Goal: Define pre-write validation rules on a thread to catch data quality issues before they reach the target table. Configure severity levels to control whether bad rows are logged, quarantined, or cause the thread to abort.

Prerequisites

  • An existing thread YAML with sources, steps, and a target
  • Understanding of Spark SQL expression syntax (rules are evaluated as boolean expressions)

Severity levels

Each validation rule has a severity that determines what happens when rows fail:

Severity Behavior
info Logged in telemetry.
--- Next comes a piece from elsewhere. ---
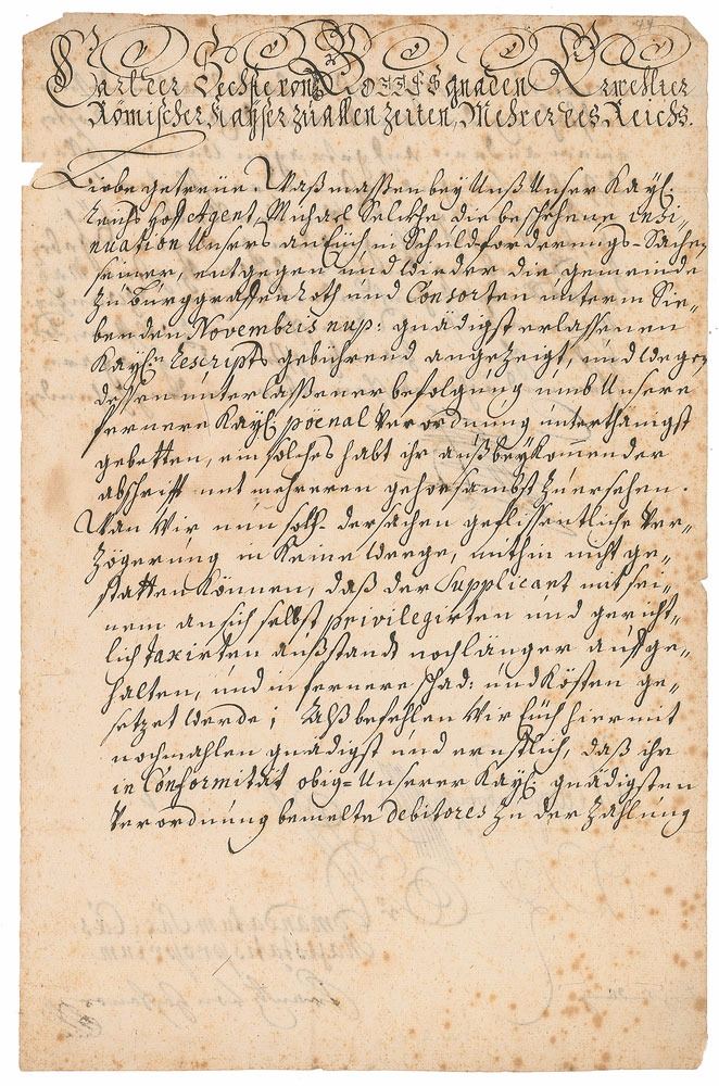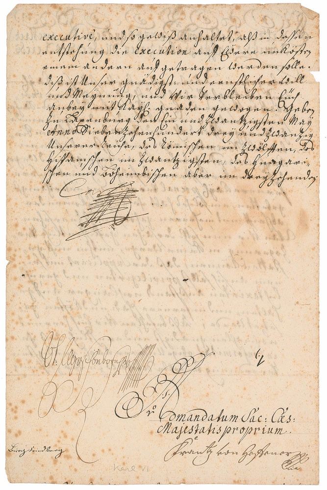 Holy Roman Emperor, King of Bohemia, King of Hungary and Croatia, Serbia and Archduke of Austria, (born 1685) who served from 1711 until his death in 1740, which ultimately led to the War of the Austrian Succession. Untranslated manuscript DS in German, one page both sides, 8.5 x 13, no date. Signed at the conclusion by the king. In very good condition, with light toning and foxing.

No effect on data flow.
warn Logged with elevated visibility. No effect on data flow.
error Failing rows are quarantined to {target}_quarantine. Clean rows proceed.
fatal Any failure aborts the thread. No data is written.
Evaluate Rulesinfo severitywarn severityerror severityfatal severityLog to telemetryLog with elevated visibilityWrite to quarantine tableClean rows proceed to targetAbort thread — no data written rows pass or failrows pass or failrows failany row fails

Step 1 -- Add validation rules to a thread

Add a validations section to your thread YAML. Each rule needs a name, a rule expression (Spark SQL boolean), and a severity:

config_version: "1.0"

sources:
  customers:
    type: delta
    alias: bronze.customers

steps:
  - derive:
      columns:
        full_name: "concat(first_name, ' ', last_name)"

validations:
  - name: email_not_null
    rule: "email IS NOT NULL"
    severity: error
  - name: positive_balance
    rule: "balance >= 0"
    severity: fatal
  - name: phone_length
    rule: "LENGTH(phone) >= 10"
    severity: warn
  - name: valid_status
    rule: "status IN ('active', 'inactive', 'suspended')"
    severity: info

target:
  path: Tables/dim_customers

write:
  mode: overwrite

Rules are evaluated in a single pass over the DataFrame. Each row is tagged with pass/fail for every rule, then routed based on severity.
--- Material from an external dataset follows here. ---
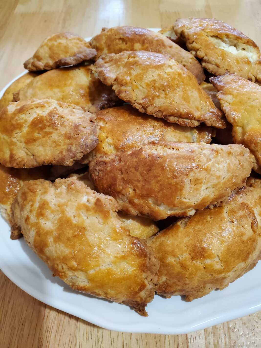 Τοποθετούμε στο καθένα στρογγυλό ζύμης ένα κουταλάκι του γλυκού γέμιση και κλείνουμε σα μισοφέγγαρο πατώντας καλά με τα δάχτυλα γύρω γύρω και με πιρουνι μετα.

Step 2 -- Understand quarantine behavior

When a rule with error severity fails, the offending rows are split from the main DataFrame and written to a quarantine Delta table at {target_path}_quarantine. The quarantine table includes metadata columns:

Column Description
__rule_name Name of the failed validation rule
__rule_expression The Spark SQL expression that was evaluated
__severity Severity level of the rule
__quarantine_ts Timestamp when the row was quarantined

All original data columns are preserved alongside these metadata columns, making it straightforward to inspect and reprocess quarantined records.

Fatal rules abort early

If any fatal-severity rule has failing rows, the entire thread aborts immediately. No data is written to the target or quarantine table. Use fatal for invariants that indicate corrupted or fundamentally invalid source data.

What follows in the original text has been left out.